- _WHAT IS BEING ASKED_
Take the lines of the data below from the very first through the line containing "Experiência cultural e" and output them exactly, pictures excluded.

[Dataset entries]
- - -
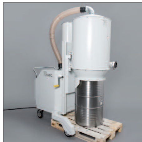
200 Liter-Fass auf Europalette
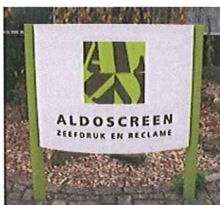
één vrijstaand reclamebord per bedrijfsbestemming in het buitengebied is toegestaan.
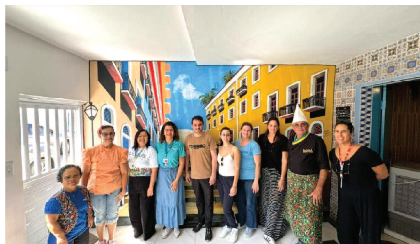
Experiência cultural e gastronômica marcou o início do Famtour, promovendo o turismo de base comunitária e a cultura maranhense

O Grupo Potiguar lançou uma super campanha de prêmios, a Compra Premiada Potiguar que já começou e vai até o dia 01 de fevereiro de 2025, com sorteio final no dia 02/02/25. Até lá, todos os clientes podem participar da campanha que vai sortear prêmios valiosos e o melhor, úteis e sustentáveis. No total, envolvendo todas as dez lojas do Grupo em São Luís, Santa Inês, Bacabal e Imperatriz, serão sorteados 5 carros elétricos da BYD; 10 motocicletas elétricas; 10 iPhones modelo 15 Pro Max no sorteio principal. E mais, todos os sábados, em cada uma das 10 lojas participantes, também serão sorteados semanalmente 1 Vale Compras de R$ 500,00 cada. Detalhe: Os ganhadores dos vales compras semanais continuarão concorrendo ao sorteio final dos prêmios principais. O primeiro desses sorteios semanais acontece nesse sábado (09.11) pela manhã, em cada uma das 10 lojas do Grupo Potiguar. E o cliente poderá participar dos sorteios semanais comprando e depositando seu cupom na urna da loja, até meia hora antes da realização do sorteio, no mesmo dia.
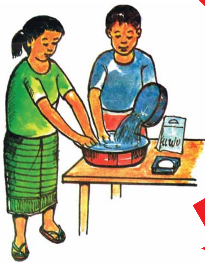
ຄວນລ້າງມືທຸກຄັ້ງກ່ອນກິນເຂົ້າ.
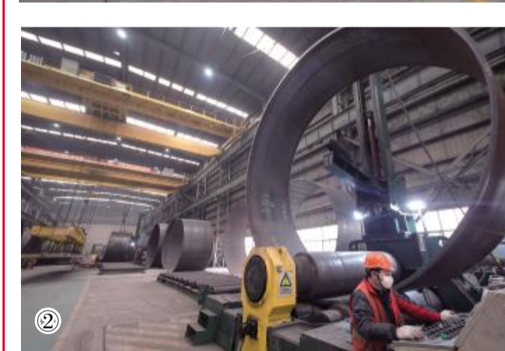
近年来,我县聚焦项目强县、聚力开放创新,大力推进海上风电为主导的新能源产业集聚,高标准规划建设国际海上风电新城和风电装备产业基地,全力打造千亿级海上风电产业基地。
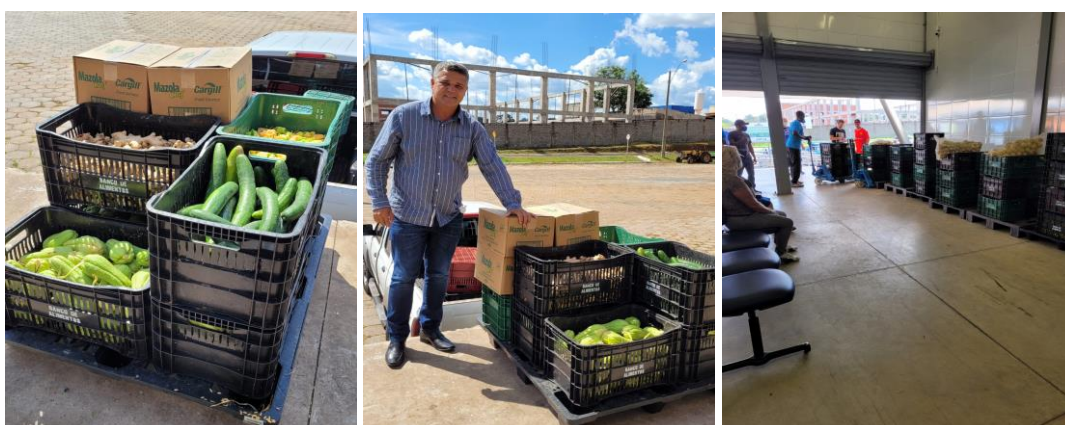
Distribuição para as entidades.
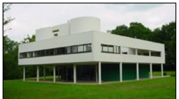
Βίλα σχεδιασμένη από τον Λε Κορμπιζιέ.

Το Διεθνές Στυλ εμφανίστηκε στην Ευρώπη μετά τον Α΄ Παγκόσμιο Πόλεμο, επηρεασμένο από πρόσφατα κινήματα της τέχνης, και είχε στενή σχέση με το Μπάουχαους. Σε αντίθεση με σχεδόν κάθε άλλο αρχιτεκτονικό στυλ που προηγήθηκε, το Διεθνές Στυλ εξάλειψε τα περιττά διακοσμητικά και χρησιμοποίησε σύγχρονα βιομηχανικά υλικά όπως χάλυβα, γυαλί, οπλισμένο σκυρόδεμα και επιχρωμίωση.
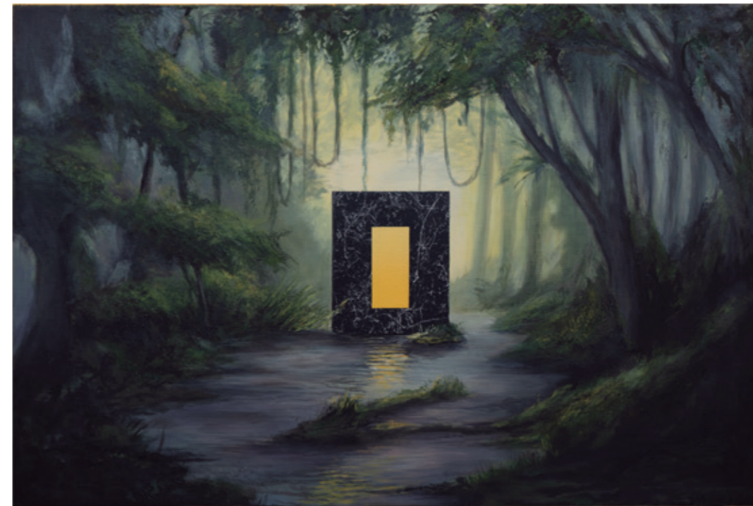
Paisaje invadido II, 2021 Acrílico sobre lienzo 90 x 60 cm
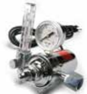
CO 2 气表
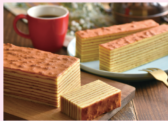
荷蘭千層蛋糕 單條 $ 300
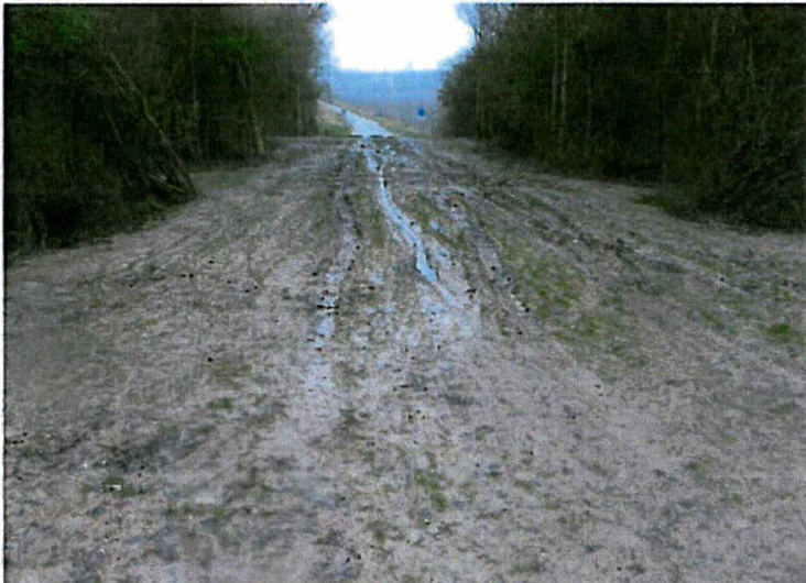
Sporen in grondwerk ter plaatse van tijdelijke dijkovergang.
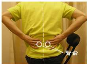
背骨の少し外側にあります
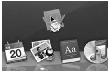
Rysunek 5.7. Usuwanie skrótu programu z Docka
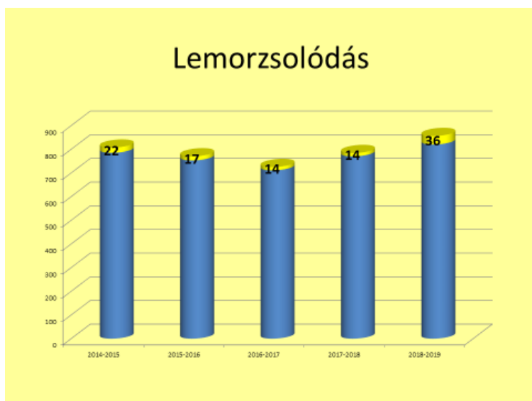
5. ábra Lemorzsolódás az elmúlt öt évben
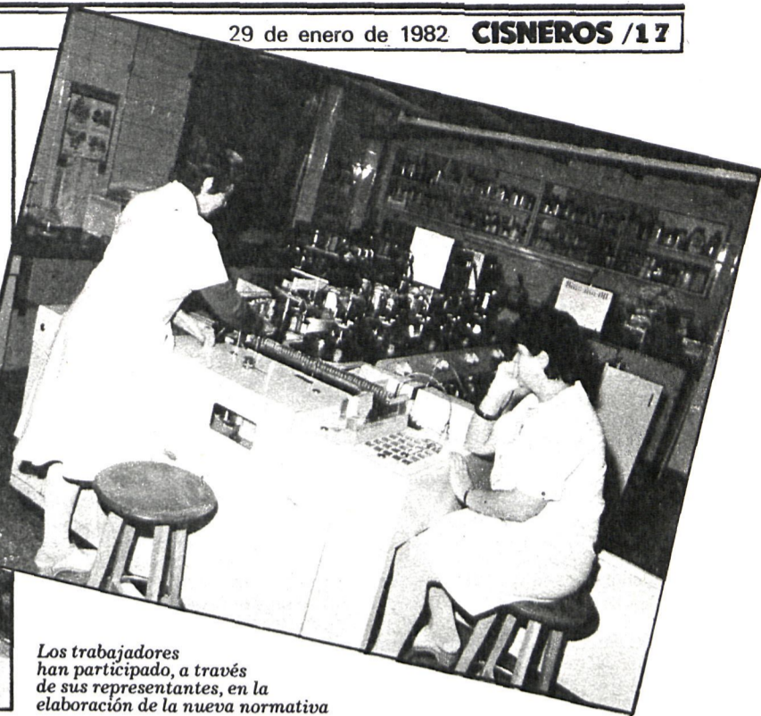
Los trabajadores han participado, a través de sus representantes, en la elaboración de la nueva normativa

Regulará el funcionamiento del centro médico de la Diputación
- - -
- _SOLUTION TO THE EXERCISE_
200 Liter-Fass auf Europalette
één vrijstaand reclamebord per bedrijfsbestemming in het buitengebied is toegestaan.
Experiência cultural e gastronômica marcou o início do Famtour, promovendo o turismo de base comunitária e a cultura maranhense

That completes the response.